*** TASK INPUTS ***
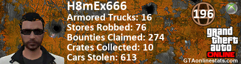<a href="http://GTAonlinestats.com/showplayer/H8mEx666"><img src="http://GTAonlinestats.com/crimesignature/H8mEx666/sig.png" alt="H8mEx666" border="0" /></a>
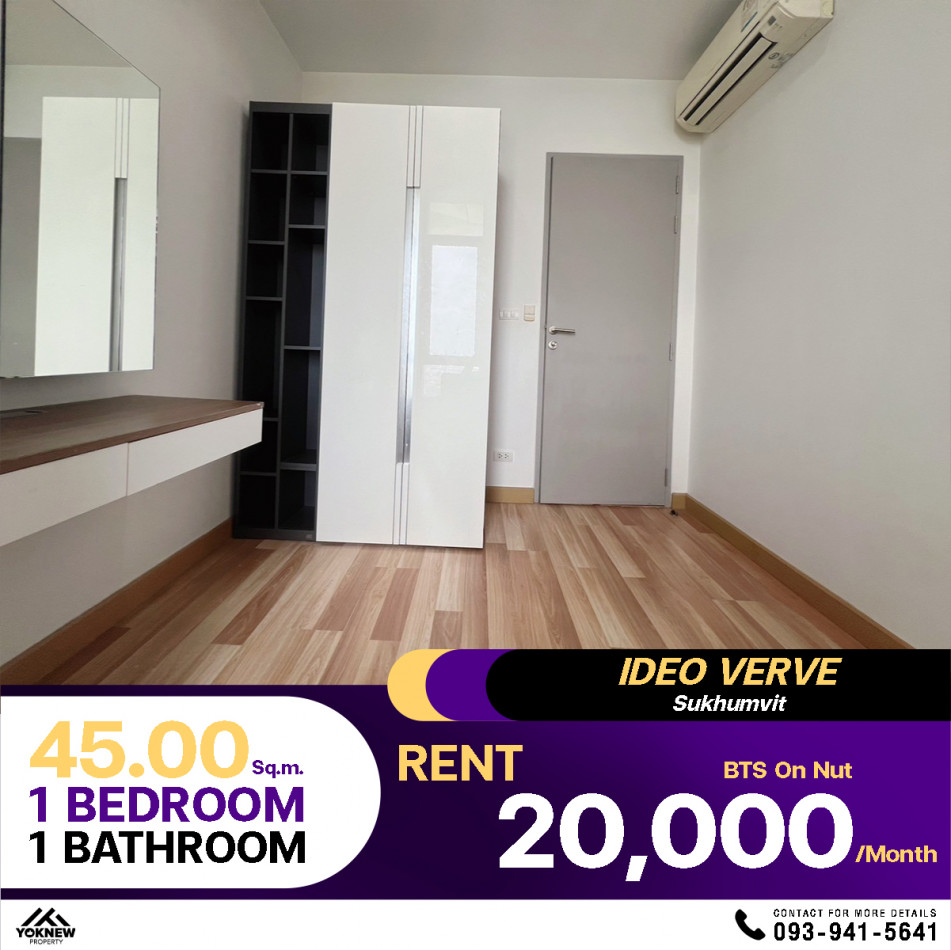 ว่างเช่าราคาดี 1 ห้องนอน 1 ห้องน้ำ ขนาด 31 ตร.ม. คอนโด Ideo Verve Sukhumvit
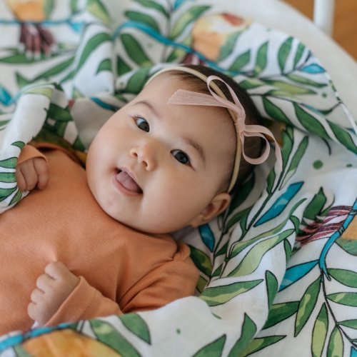 Vyrobeny z toho nejlepšího 100% bio bavlněného mušelínu v certifikované kvalitě (GOTS), jsou velmi jemné, prodyšné a lehké. Tommy Lise látkové pleny jsou pohodlné a velmi šetrné k jemné pokožce vašeho miminka. Vyberte si barevný design, který k vám nejlépe sedí, a ještě více tím upevněte vztah mezi vámi a vaším miminkem. Tyto jedinečné a zajímavé látkové pleny pro miminka upoutají vaši pozornost i pozornost vašeho miminka pokaždé, když je vytáhnete! Pečlivě navrženy a vyrobeny tak, aby odpovídaly těm nejvyšším standardům bezpečnosti. Údržba: Jemné praní v pračce nebo ruční praní ve studené vodě.Velikost: 120x120 cm Materiál: 100% bio bavlna Vhodné jako: univerzální přikrývka přikrývka do kočárku dečka ochrana při kojení bryndák
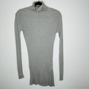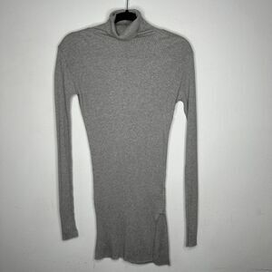 Helmut Lang Gray Turtleneck Long Sleeve Ribbed Knit Mini Dress Longline Top Med
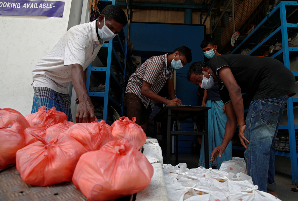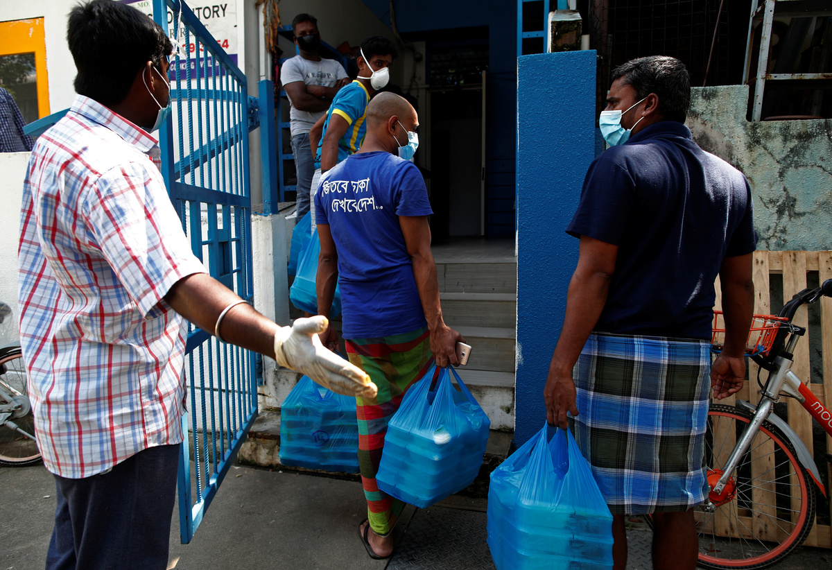 Reverend Samuel Gift Stephen (R) supervises the delivery of food to migrant workers living in factory-converted dormitories during the coronavirus disease (COVID-19) outbreak in Singapore, April 22, 2020. Stephen, chairman of Alliance of Guest Workers Outreach (AGWO), non-governmental organization, oversees the daily delivery of more than 17000 meals to migrant workers living in factory-converted dormitories, whose employers have not stepped up to provide food even as they are unable to leave their dormitories since Monday. REUTERS/Edgar Su
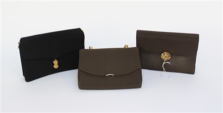 Lotto di tre borsette da sera in crêpe di seta nera o marrone, due con chiusura gioiello (difetti segni d'uso e mancanze)
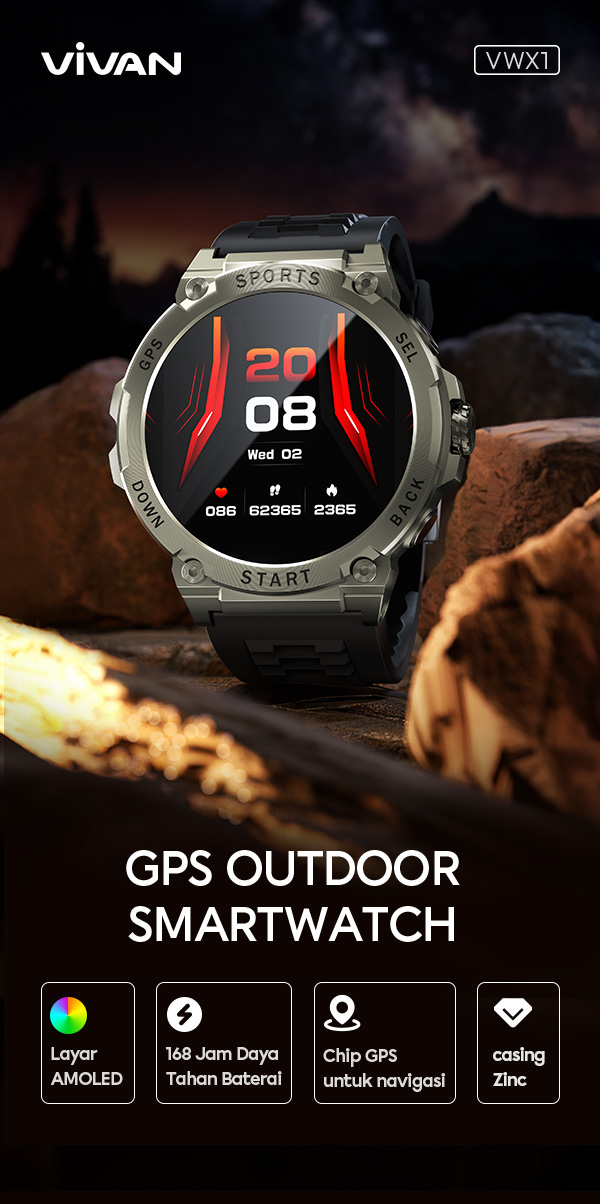 - Smart Watch VIVAN VWX1 Titanium dengan layar AMOLED 1.43 inci, tampilan lebih tajam, warna lebih hidup, dan respons sentuhan halus.
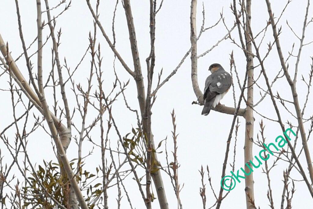 どうやら近くに天敵がいたようです。ほら、ハイタカが飛んできた!!
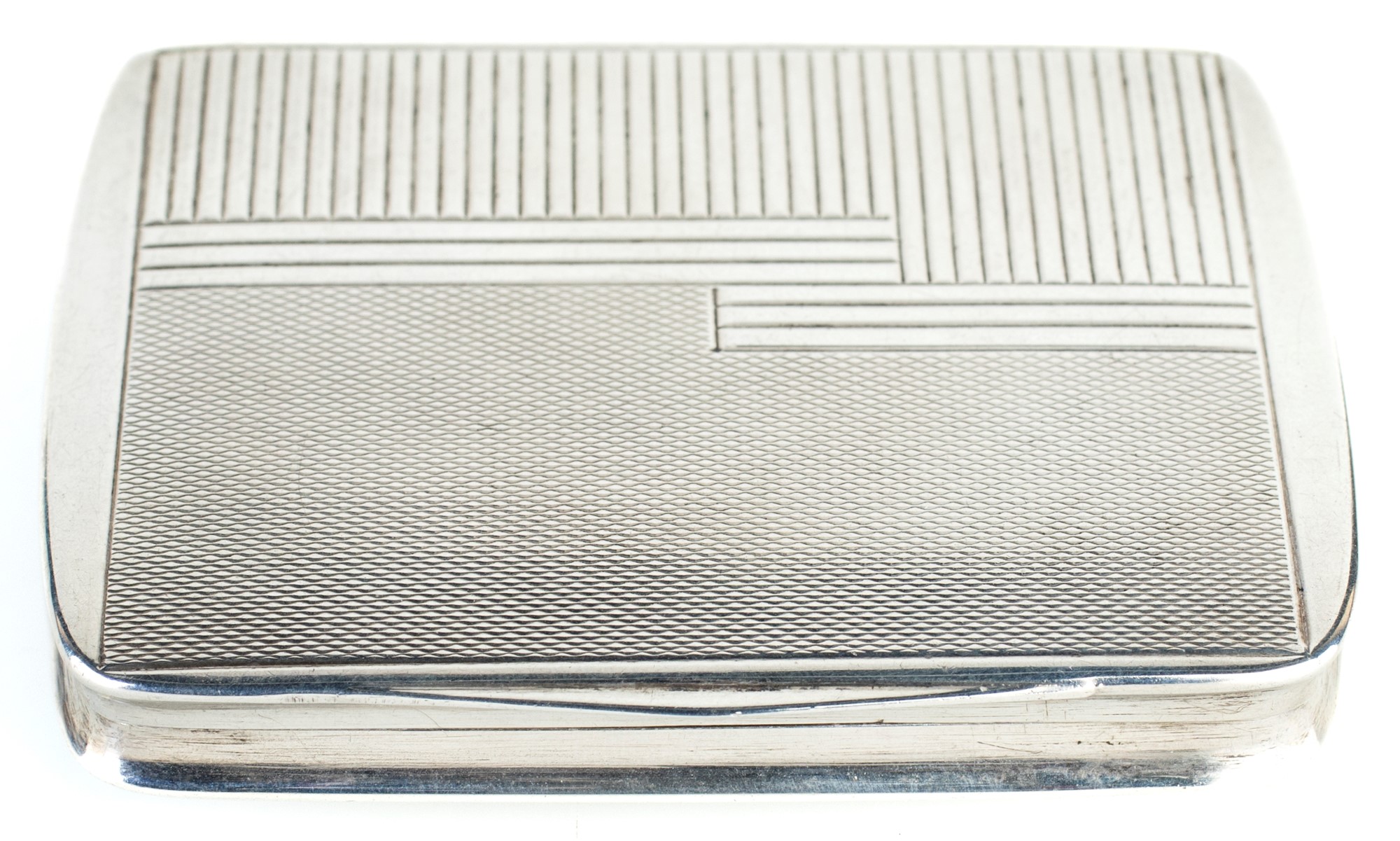 Portasigarette da tasca in argento, Firenze, periodo del Fascio, argentiere F.S. con coperchio minuziosamente cesellato a guilloché e ampia fascia a righe incise cm 1x7,7x6,2 - gr. 48
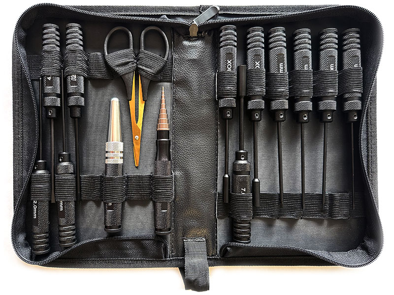 Stealth Tools Werkzeug Set Sechskantschlüssel: 1.5, 2.0, 2.5, 3.0mm Steckschlüssel: 4.5, 5.5, 7.0mm Schlitzschraubendreher: 4.0, 5.6mm Kreuzschlitzschraubendreher: 4.0. 5.6mm Lexanschere Karosseriebohrer Kugellager Werkzeug Anzahl: 14 Stk.Art. Nr.: HSPZ206
*** End of TASK INPUTS ***
◆ **DIRECTIONS**
Pictures stay out; everything else in the listing above is to be repeated exactly.

◆ **SOLUTION TO THE PROBLEM**
<a href="http://GTAonlinestats.com/showplayer/H8mEx666"><img src="http://GTAonlinestats.com/crimesignature/H8mEx666/sig.png" alt="H8mEx666" border="0" /></a>
 ว่างเช่าราคาดี 1 ห้องนอน 1 ห้องน้ำ ขนาด 31 ตร.ม. คอนโด Ideo Verve Sukhumvit
 Vyrobeny z toho nejlepšího 100% bio bavlněného mušelínu v certifikované kvalitě (GOTS), jsou velmi jemné, prodyšné a lehké. Tommy Lise látkové pleny jsou pohodlné a velmi šetrné k jemné pokožce vašeho miminka. Vyberte si barevný design, který k vám nejlépe sedí, a ještě více tím upevněte vztah mezi vámi a vaším miminkem. Tyto jedinečné a zajímavé látkové pleny pro miminka upoutají vaši pozornost i pozornost vašeho miminka pokaždé, když je vytáhnete! Pečlivě navrženy a vyrobeny tak, aby odpovídaly těm nejvyšším standardům bezpečnosti. Údržba: Jemné praní v pračce nebo ruční praní ve studené vodě.Velikost: 120x120 cm Materiál: 100% bio bavlna Vhodné jako: univerzální přikrývka přikrývka do kočárku dečka ochrana při kojení bryndák
 Helmut Lang Gray Turtleneck Long Sleeve Ribbed Knit Mini Dress Longline Top Med
 Reverend Samuel Gift Stephen (R) supervises the delivery of food to migrant workers living in factory-converted dormitories during the coronavirus disease (COVID-19) outbreak in Singapore, April 22, 2020. Stephen, chairman of Alliance of Guest Workers Outreach (AGWO), non-governmental organization, oversees the daily delivery of more than 17000 meals to migrant workers living in factory-converted dormitories, whose employers have not stepped up to provide food even as they are unable to leave their dormitories since Monday. REUTERS/Edgar Su
 Lotto di tre borsette da sera in crêpe di seta nera o marrone, due con chiusura gioiello (difetti segni d'uso e mancanze)
 - Smart Watch VIVAN VWX1 Titanium dengan layar AMOLED 1.43 inci, tampilan lebih tajam, warna lebih hidup, dan respons sentuhan halus.
 どうやら近くに天敵がいたようです。ほら、ハイタカが飛んできた!!
 Portasigarette da tasca in argento, Firenze, periodo del Fascio, argentiere F.S. con coperchio minuziosamente cesellato a guilloché e ampia fascia a righe incise cm 1x7,7x6,2 - gr. 48
 Stealth Tools Werkzeug Set Sechskantschlüssel: 1.5, 2.0, 2.5, 3.0mm Steckschlüssel: 4.5, 5.5, 7.0mm Schlitzschraubendreher: 4.0, 5.6mm Kreuzschlitzschraubendreher: 4.0. 5.6mm Lexanschere Karosseriebohrer Kugellager Werkzeug Anzahl: 14 Stk.Art. Nr.: HSPZ206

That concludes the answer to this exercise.